Wednesday, September 03, 2008
Public Life, Loneliness and Making the World a Better Place
I've been thinking. Here I am - amateur blogger / community activist / fund raiser for those in need. It seems like a pretty public life. It IS a pretty public life. And it's not like I am secretive about my health issues. People like you have followed the saga for years. But when I am (as I was this morning) coughing and choking and gasping for breath alone in the bathroom, it doesn't feel very public. Thank heavens because - really - who wants to hear those sounds emanating from deep in the lungs? Not pretty. People want to hear that I am better. I am in remission. It's all good now, right?
But the truth is that pain is lonely.
I have every reason to be - and almost always am - gloriously happy. I live a charmed life full of beautiful reflections and deep connections. I have a family that I adore and a gorgeous home worth coming home to and a lush garden made from plant clippings and roadside seed pods. I get to home school and eat local produce. I fully realize the tiny minority of people who can say that. I do not forget it for one moment. But I have been thinking.

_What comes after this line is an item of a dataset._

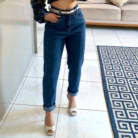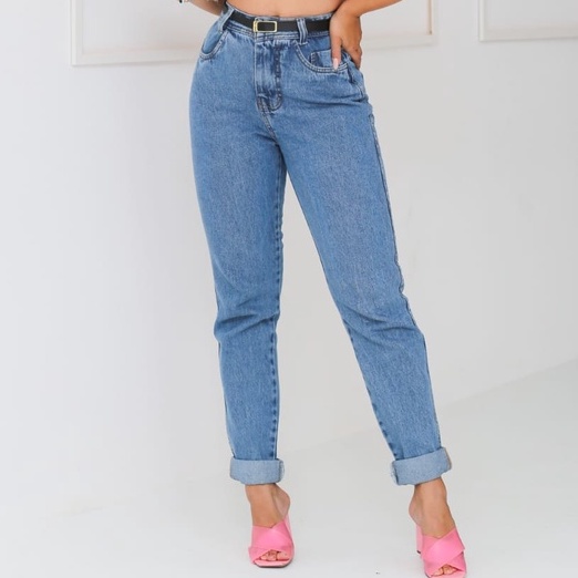 Calça Mom Jeans Feminina Luxo Cintura Alta Elegante

Maybe my health keeps me in the real world. I live in such daily constant pain (eyes, mouth, lungs...) that I have to be really HERE. I can't float away in my happiness. I am constantly reminded of how fragile our bodies are. I am constantly reminded that I am LUCKY to have a team of doctors - to have the option of prosthetics and surgery and another month of antibiotics. I am LUCKY to have the tools to fight depression and alcoholism and drug addiction.
I use my pain to make the world a better place.
I distract myself when I am in pain. I flit from one project to the next when I cannot concentrate. I get a lot done sometimes - even if it isn't linear. Even if it isn't anything that could translate into "a job". But for me - doing things keeps me going. Don't get me wrong - I have learned to rest (at the insistence of Dani who takes up all the slack for the things I don't get done.) But even when resting - I am resting so that I will be well enough to do the next thing.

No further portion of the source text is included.